Noise-Aware Quantum Architecture Search Based on NSGA-II Algorithm
Chenlu Li, Hui Zeng, Dazhi Ding
TL;DR
The paper addresses the challenge of automatically designing quantum architectures for variational quantum algorithms under hardware noise. It proposes NA-QAS, a framework that combines noise-aware training, a hybrid Hamiltonian parameter-sharing strategy with supernets, and a variable-depth NSGA-II search to identify robust PQCs. Key contributions include an explicit noise model integration for bit-flip, depolarizing, and thermal relaxation channels, a parameter-sharing mechanism to reduce evaluation overhead, and an enhanced NSGA-II capable of exploring variable-depth architectures. Empirical results on binary and iris classification under simulated noise show NA-QAS achieves higher accuracy with lower CNOT counts and circuit depths compared with baselines, highlighting potential for scalable deployment of VQAs on NISQ hardware.
Abstract
Quantum architecture search (QAS) has emerged to automate the design of high-performance quantum circuits under specific tasks and hardware constraints.
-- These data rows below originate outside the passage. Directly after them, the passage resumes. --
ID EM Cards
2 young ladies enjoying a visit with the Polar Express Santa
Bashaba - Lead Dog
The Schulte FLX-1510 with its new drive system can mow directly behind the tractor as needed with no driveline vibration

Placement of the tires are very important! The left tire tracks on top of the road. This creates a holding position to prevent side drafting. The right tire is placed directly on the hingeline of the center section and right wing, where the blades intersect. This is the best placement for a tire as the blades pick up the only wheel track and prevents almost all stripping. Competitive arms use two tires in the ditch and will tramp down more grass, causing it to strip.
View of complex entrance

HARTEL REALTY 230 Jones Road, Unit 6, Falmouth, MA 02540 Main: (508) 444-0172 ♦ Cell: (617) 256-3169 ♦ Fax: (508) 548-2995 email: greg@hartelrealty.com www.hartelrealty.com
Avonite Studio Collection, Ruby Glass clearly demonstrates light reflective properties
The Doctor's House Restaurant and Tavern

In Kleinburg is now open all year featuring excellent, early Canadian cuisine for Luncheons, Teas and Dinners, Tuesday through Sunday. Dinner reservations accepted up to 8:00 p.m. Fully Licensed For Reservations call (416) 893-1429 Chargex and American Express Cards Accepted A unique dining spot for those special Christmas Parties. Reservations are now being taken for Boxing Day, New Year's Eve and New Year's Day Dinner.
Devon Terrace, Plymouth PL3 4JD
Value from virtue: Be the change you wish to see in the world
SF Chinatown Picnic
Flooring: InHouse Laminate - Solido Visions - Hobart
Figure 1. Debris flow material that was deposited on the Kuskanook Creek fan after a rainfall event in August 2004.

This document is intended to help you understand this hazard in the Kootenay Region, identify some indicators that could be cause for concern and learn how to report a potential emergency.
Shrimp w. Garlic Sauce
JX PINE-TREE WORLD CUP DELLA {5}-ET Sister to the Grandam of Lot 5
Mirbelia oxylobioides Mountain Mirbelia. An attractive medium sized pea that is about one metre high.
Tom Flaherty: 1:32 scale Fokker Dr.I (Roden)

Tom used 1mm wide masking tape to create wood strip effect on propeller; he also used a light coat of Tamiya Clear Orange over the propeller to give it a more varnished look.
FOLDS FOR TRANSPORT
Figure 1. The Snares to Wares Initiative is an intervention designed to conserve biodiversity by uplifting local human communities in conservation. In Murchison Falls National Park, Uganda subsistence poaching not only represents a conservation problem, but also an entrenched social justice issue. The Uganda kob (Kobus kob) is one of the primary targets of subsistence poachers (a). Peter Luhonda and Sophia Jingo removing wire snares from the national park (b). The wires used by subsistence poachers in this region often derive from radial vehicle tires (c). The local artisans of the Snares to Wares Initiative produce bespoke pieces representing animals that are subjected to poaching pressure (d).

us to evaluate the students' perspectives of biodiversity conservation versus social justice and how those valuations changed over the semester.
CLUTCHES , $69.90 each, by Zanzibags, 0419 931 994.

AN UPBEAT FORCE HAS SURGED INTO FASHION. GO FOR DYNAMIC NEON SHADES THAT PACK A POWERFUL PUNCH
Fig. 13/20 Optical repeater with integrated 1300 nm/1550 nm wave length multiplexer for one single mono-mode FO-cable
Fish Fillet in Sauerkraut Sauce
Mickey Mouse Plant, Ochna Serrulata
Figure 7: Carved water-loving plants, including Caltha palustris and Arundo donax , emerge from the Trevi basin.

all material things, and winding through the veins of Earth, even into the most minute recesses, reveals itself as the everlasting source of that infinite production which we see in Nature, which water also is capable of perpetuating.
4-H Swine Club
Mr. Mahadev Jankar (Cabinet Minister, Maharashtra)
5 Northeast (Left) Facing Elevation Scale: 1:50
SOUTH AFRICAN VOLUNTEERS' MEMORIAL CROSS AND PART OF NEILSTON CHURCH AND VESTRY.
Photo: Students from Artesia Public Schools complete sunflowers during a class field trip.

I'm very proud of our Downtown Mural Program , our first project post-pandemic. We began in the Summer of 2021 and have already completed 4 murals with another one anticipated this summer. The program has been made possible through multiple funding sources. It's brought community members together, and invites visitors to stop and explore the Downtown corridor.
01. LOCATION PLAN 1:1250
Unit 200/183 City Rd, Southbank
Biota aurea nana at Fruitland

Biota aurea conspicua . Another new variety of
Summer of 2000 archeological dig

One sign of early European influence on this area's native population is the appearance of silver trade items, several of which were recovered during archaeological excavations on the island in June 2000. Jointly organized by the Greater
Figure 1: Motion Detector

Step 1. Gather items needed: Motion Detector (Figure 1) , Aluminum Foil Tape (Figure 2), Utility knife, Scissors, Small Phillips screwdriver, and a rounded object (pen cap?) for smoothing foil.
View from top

We propose a noise-aware quantum architecture search (NA-QAS) framework based on variational quantum circuit design. By incorporating a noise model into the training of parameterized quantum circuits (PQCs) , the proposed framework identifies the noise-robust architectures. We introduce a hybrid Hamiltonian $\varepsilon$ -greedy strategy to optimize evaluation costs and circumvent local optima. Furthermore, an enhanced variable-depth NSGA-II algorithm is employed to navigate the vast search space, enabling an automated trade-off between architectural expressibility and quantum hardware overhead. The effectiveness of the framework is validated through binary classification and iris multi-classification tasks under a noisy condition. Compared to existing approaches, our framework can search for quantum architectures with superior performance and greater resource efficiency under a noisy condition.